0
votes

The goal: Millions of rows in Cassandra need to be extracted and compressed into a single file as quickly and efficiently as possible (on a daily basis).

The current setup uses a Google Dataproc cluster to run a Spark job that extracts the data directly into a Google Cloud Storage bucket. I've tried two approaches:

  1. Using the (now deprecated) FileUtil.copyMerge() to combine the roughly 9000 Spark partition files into a single uncompressed file, then submitting a Hadoop MapReduce job to compress that single file.

  2. Leaving the roughly 9000 Spark partition files as the raw output, and submitting a Hadoop MapReduce job to merge and compress those files into a single file.

Some job details: About 800 Million rows. About 9000 Spark partition files outputted by the Spark job. Spark job takes about an hour to complete running on a 1 Master, 4 Worker (4vCPU, 15GB each) Dataproc cluster. Default Dataproc Hadoop block size, which is, I think 128MB.

Some Spark configuration details:

spark.task.maxFailures=10
spark.executor.cores=4

spark.cassandra.input.consistency.level=LOCAL_ONE
spark.cassandra.input.reads_per_sec=100
spark.cassandra.input.fetch.size_in_rows=1000
spark.cassandra.input.split.size_in_mb=64

The Hadoop job:

hadoop jar file://usr/lib/hadoop-mapreduce/hadoop-streaming-2.8.4.jar
-Dmapred.reduce.tasks=1
-Dmapred.output.compress=true
-Dmapred.compress.map.output=true
-Dstream.map.output.field.separator=,
-Dmapred.textoutputformat.separator=,
-Dmapred.output.compression.codec=org.apache.hadoop.io.compress.GzipCodec
-input gs://bucket/with/either/single/uncompressed/csv/or/many/spark/partition/file/csvs
-output gs://output/bucket
-mapper /bin/cat
-reducer /bin/cat
-inputformat org.apache.hadoop.mapred.TextInputFormat
-outputformat org.apache.hadoop.mapred.TextOutputFormat
  1. The Spark job took about 1 hour to extract Cassandra data to GCS bucket. Using the FileUtil.copyMerge() added about 45 minutes to that, was performed by the Dataproc cluster but underutilized resources as it ones seems to use 1 node. The Hadoop job to compress that single file took an additional 50 minutes. This is not an optimal approach, as the cluster has to stay up longer even though it is not using its full resources.

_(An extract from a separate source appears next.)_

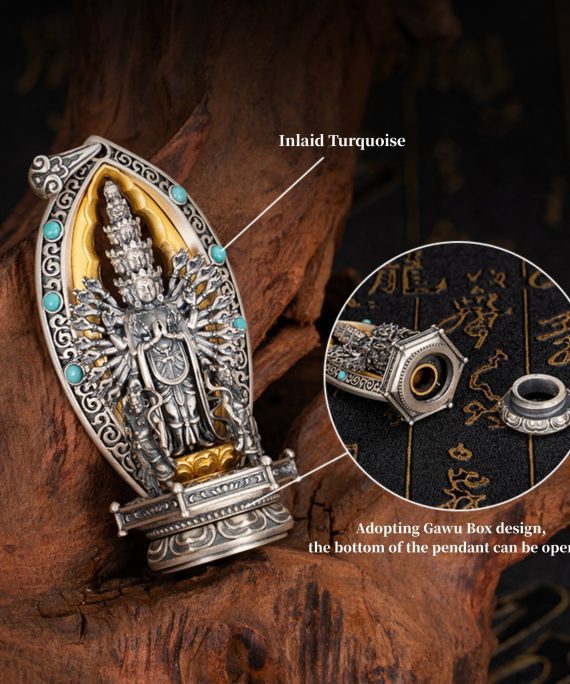 Tibetan Buddhist Thousand-Armed Avalokiteshvara Turquoise Sterling Silver Pendant
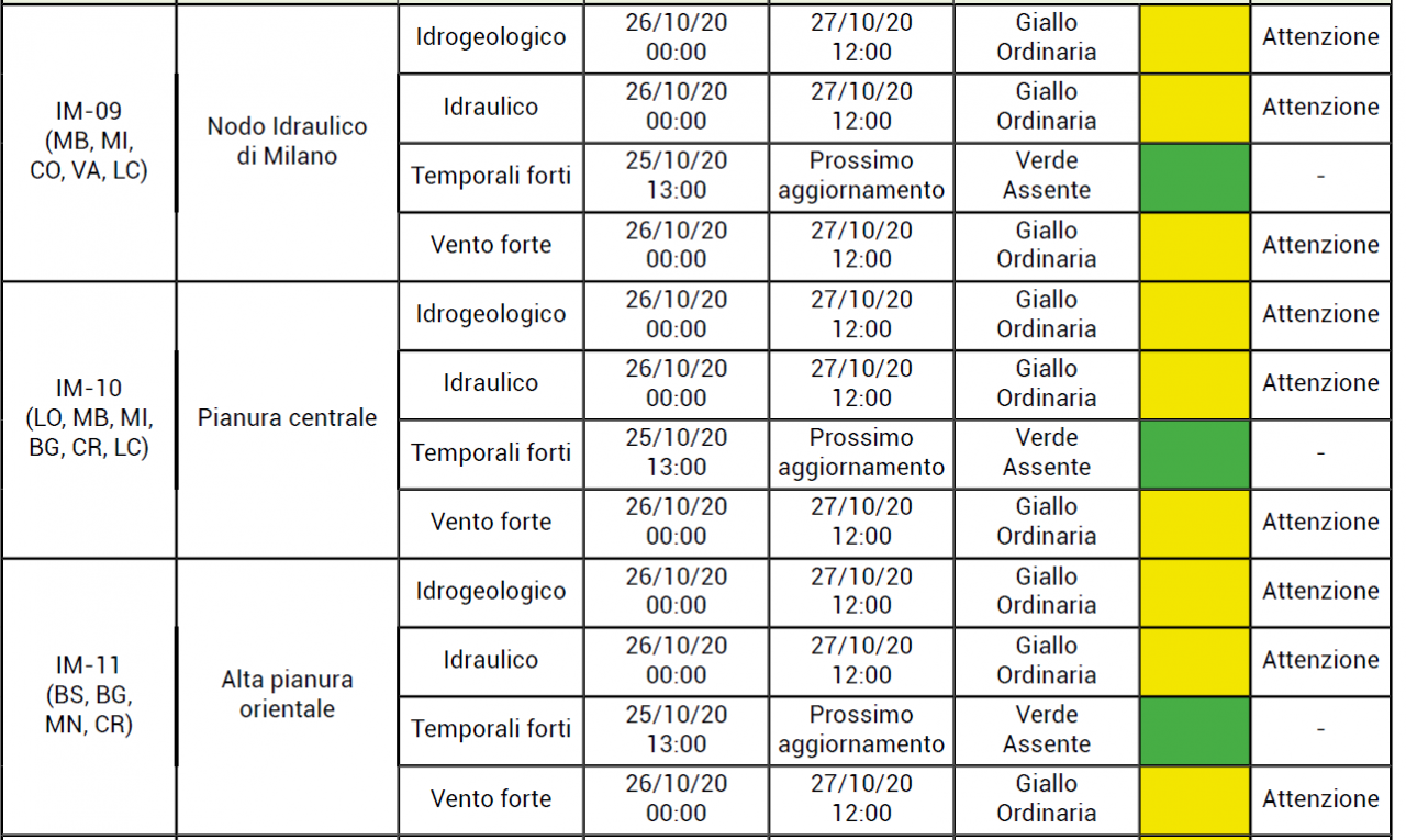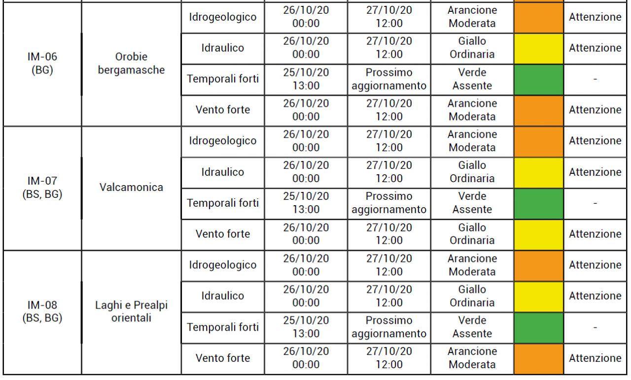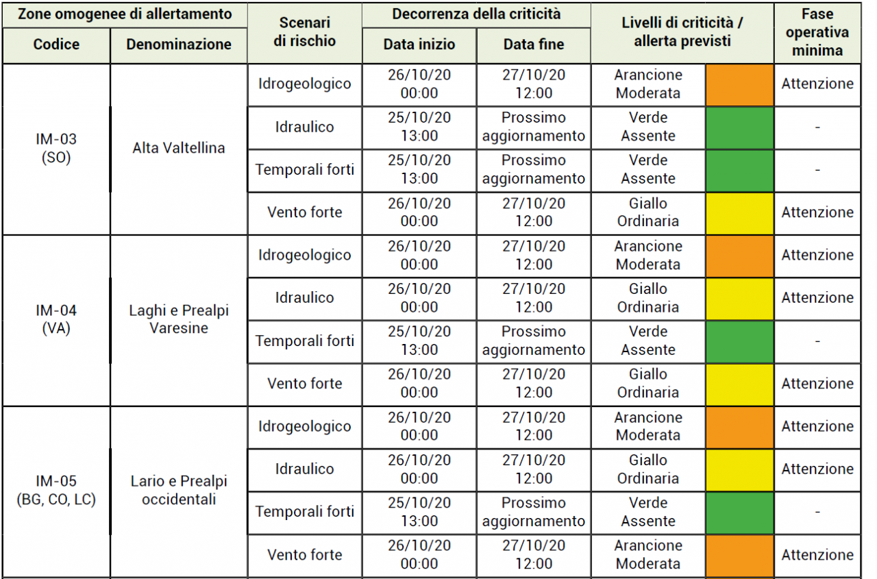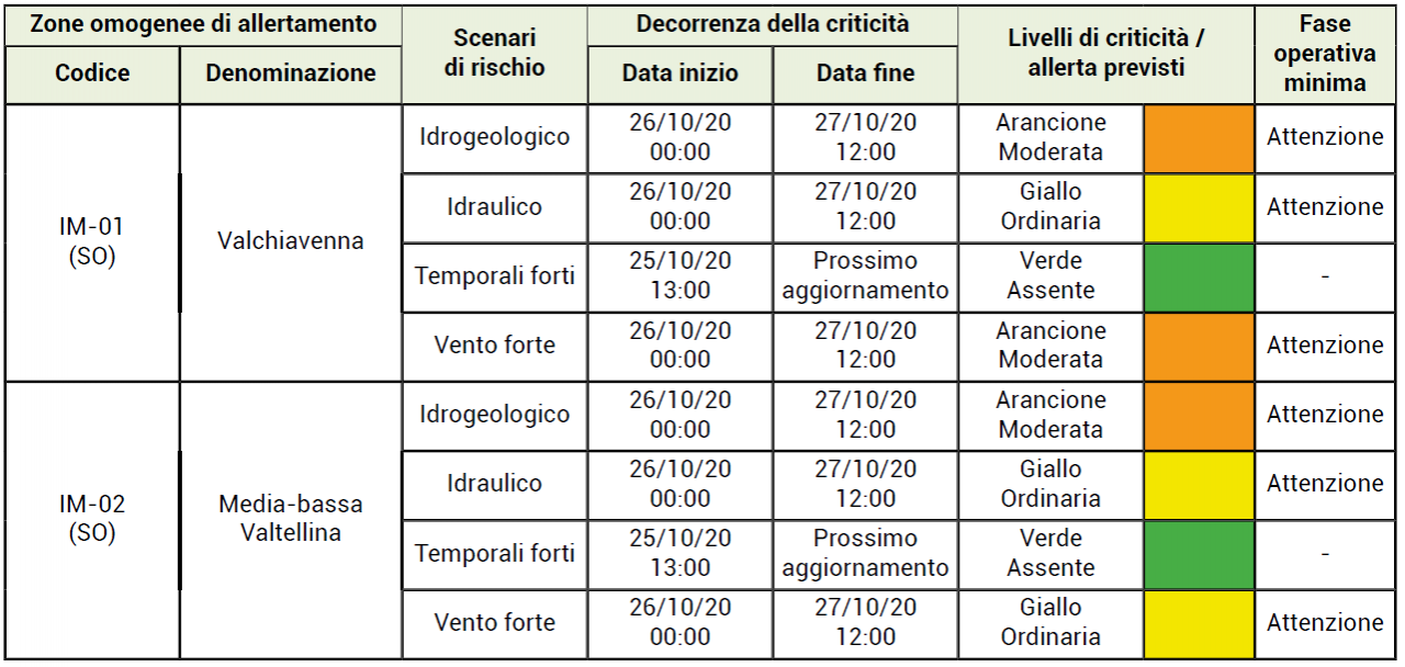 Dal pomeriggio di domenica progressiva intensificazione in alta quota dei venti dai quadranti meridionali. Dalle prime ore di domani e sino a fine giornata venti forti anche a quote comprese tra 700-1500 m, con raffiche fino a 90 km/h e velocità medie orarie tra 20-40 km/h. Sulla pianura venti in rinforzo su valori moderati o localmente forti (con fase acuta tra le ore 06 e le ore 18 di domani 26/10), con raffiche fino a 55 km/h.

The info output from that job:

INFO mapreduce.Job: Counters: 55
File System Counters
    FILE: Number of bytes read=5072098452
    FILE: Number of bytes written=7896333915
    FILE: Number of read operations=0
    FILE: Number of large read operations=0
    FILE: Number of write operations=0
    GS: Number of bytes read=47132294405
    GS: Number of bytes written=2641672054
    GS: Number of read operations=0
    GS: Number of large read operations=0
    GS: Number of write operations=0
    HDFS: Number of bytes read=57024
    HDFS: Number of bytes written=0
    HDFS: Number of read operations=352
    HDFS: Number of large read operations=0
    HDFS: Number of write operations=0
Job Counters 
    Killed map tasks=1
    Launched map tasks=353
    Launched reduce tasks=1
    Rack-local map tasks=353
    Total time spent by all maps in occupied slots (ms)=18495825
    Total time spent by all reduces in occupied slots (ms)=7412208
    Total time spent by all map tasks (ms)=6165275
    Total time spent by all reduce tasks (ms)=2470736
    Total vcore-milliseconds taken by all map tasks=6165275
    Total vcore-milliseconds taken by all reduce tasks=2470736
    Total megabyte-milliseconds taken by all map tasks=18939724800
    Total megabyte-milliseconds taken by all reduce tasks=7590100992
Map-Reduce Framework
    Map input records=775533855
    Map output records=775533855
    Map output bytes=47130856709
    Map output materialized bytes=2765069653
    Input split bytes=57024
    Combine input records=0
    Combine output records=0
    Reduce input groups=2539721
    Reduce shuffle bytes=2765069653
    Reduce input records=775533855
    Reduce output records=775533855
    Spilled Records=2204752220
    Shuffled Maps =352
    Failed Shuffles=0
    Merged Map outputs=352
    GC time elapsed (ms)=87201
    CPU time spent (ms)=7599340
    Physical memory (bytes) snapshot=204676702208
    Virtual memory (bytes) snapshot=1552881852416
    Total committed heap usage (bytes)=193017675776
Shuffle Errors
    BAD_ID=0
    CONNECTION=0
    IO_ERROR=0
    WRONG_LENGTH=0
    WRONG_MAP=0
    WRONG_REDUCE=0
File Input Format Counters 
    Bytes Read=47132294405
File Output Format Counters 
    Bytes Written=2641672054 
  1. I expected this to perform as well as or better than the other approach, but it performed much worse. The Spark job remained unchanged. Skipping the FileUtil.copyMerge() and jumping straight into the Hadoop MapReduce job... the map portion of the job was only at about 50% after an hour and a half. Job was cancelled at that point, as it was clear it was not going to be viable.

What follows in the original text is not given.